001 - Advanced Theory Flashcards
A-001-001-001
What is the meaning of the term “time constant” in an RL circuit ?
(a) The time required for the current in the circuit to build up to 36.8% of the maximum value
(b) The time required for the voltage in the circuit to build up to 63.2% of the maximum value
(c) The time required for the current in the circuit to build up to 63.2% of the maximum value
(d) The time required for the voltage in the circuit to build up to 36.8% of the maximum value
A-001-001-001
What is the meaning of the term “time constant” in an RL circuit ?
(c) The time required for the current in the circuit to build up to 63.2% of the maximum value
A-001-001-002
What is the term for the time required for the capacitor in an RC circuit to be charged to 63.2% of the supply voltage?
(a) One time constant
(b) An exponential rate of one
(c) A time factor of one
(d) One exponential period
A-001-001-002
What is the term for the time required for the capacitor in an RC circuit to be charged to 63.2% of the supply voltage?
(a) One time constant
A-001-001-003
What is the term for the time required for the current in an RL circuit to build up to 63.2% of the maximum value?
(a) One time constant
(b) An exponential period of one
(c) A time factor of one
(d) One exponential rate
A-001-001-003
What is the term for the time required for the current in an RL circuit to build up to 63.2% of the maximum value?
(a) One time constant
A-001-001-004
What is the term for the time it takes for a charged capacitor in an RC circuit to discharge to 36.8% of its initial value of stored charge?
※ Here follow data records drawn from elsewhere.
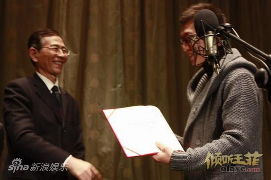 图文:郭德纲王菲做慈善-胡锦星为孙红雷颁证书
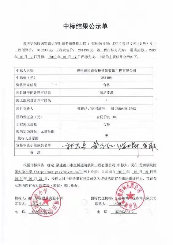 莆田学院附属实验小学旧图书馆维修工程 ;招标编号为:JSCCZ莆田【2019】027号 ;工程预算价: 343290元;工程发包价: 281498元。该工程招标方式为: 邀请招标 。2019年 10月 17日开标, 2019年 10 月 17日评标完成。中标的主要结果公示如下:
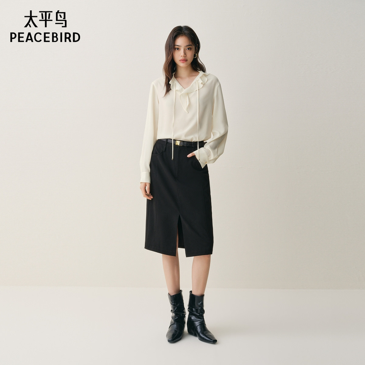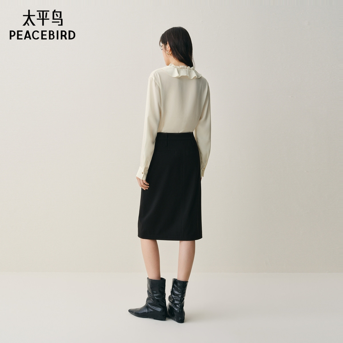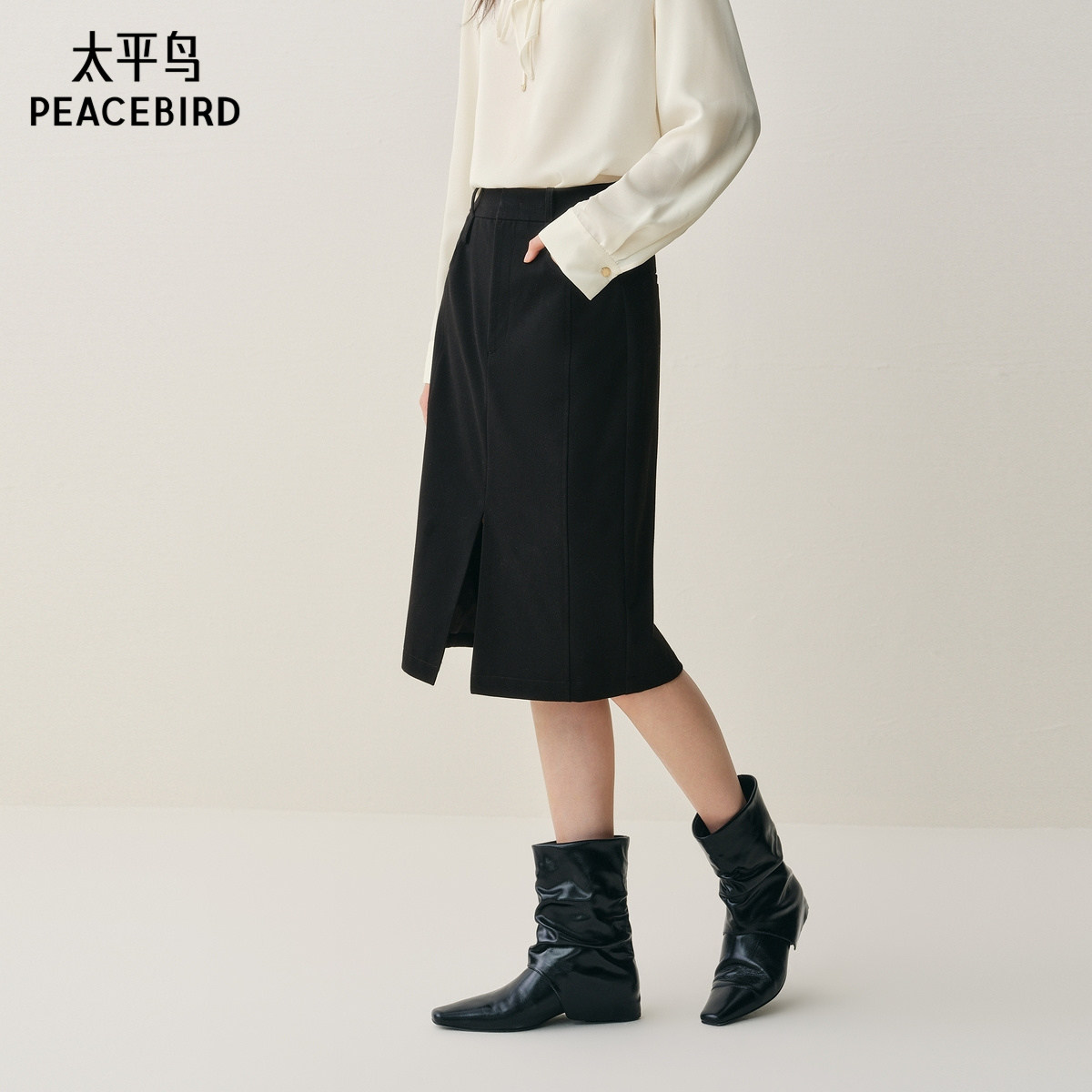 太平鸟黑色海妖裙半身裙长裙冬装新款弹力前开叉半身中长裙女*

(a) A discharge factor of one
(b) One time constant
(c) An exponential discharge of one
(d) One discharge period
A-001-001-004
What is the term for the time it takes for a charged capacitor in an RC circuit to discharge to 36.8% of its initial value of stored charge?
(b) One time constant
A-001-001-005
What is meant by “back EMF”?
(a) A current that opposes the applied EMF
(b) An opposing EMF equal to R times C percent of the applied EMF
(c) A voltage that opposes the applied EMF
(d) A current equal to the applied EMF
A-001-001-005
What is meant by “back EMF”?
(c) A voltage that opposes the applied EMF
A-001-001-006
After two time constants, the capacitor in an RC circuit is charged to what percentage of the supply voltage?
(a) 63.2%
(b) 95%
(c) 86.5%
(d) 36.8%
A-001-001-006
After two time constants, the capacitor in an RC circuit is charged to what percentage of the supply voltage?
(c) 86.5%
A-001-001-007
After two time constants, the capacitor in an RC circuit is discharged to what percentage of the starting voltage?
(a) 36.8%
(b) 86.5%
(c) 63.2%
(d) 13.5%
A-001-001-007
After two time constants, the capacitor in an RC circuit is discharged to what percentage of the starting voltage?
(d) 13.5%
A-001-001-008
What is the time constant of a circuit having a 100 microfarad capacitor in series with a 470 kilohm resistor?
(a) 4700 seconds
(b) 47 seconds
(c) 470 seconds
(d) 0.47 seconds
A-001-001-008
What is the time constant of a circuit having a 100 microfarad capacitor in series with a 470 kilohm resistor?
(b) 47 seconds
A-001-001-009
What is the time constant of a circuit having a 470 microfarad capacitor in series with a 470 kilohm resistor?
(a) 221 000 seconds
(b) 47 000 seconds
(c) 221 seconds
(d) 470 seconds
A-001-001-009
What is the time constant of a circuit having a 470 microfarad capacitor in series with a 470 kilohm resistor?
(c) 221 seconds
A-001-001-010
What is the time constant of a circuit having a 220 microfarad capacitor in series with a 470 kilohm resistor?
(a) 470 000 seconds
(b) 470 seconds
(c) 220 seconds
(d) 103 seconds
A-001-001-010
What is the time constant of a circuit having a 220 microfarad capacitor in series with a 470 kilohm resistor?
(d) 103 seconds
A-001-002-001
What is the result of skin effect?
(a) As frequency decreases, RF current flows in a thinner layer of the conductor, closer to the surface
(b) Thermal effects on the surface of the conductor increase impedance
(c) As frequency increases, RF current flows in a thinner layer of the conductor, closer to the surface
(d) Thermal effects on the surface of the conductor decrease impedance
A-001-002-001
What is the result of skin effect?
(c) As frequency increases, RF current flows in a thinner layer of the conductor, closer to the surface
A-001-002-002
What effect causes most of an RF current to flow along the surface of a conductor?
(a) Piezoelectric effect
(b) Resonance effect
(c) Layer effect
(d) Skin effect
A-001-002-002
What effect causes most of an RF current to flow along the surface of a conductor?
(d) Skin effect
A-001-002-003
Where does almost all RF current flow in a conductor?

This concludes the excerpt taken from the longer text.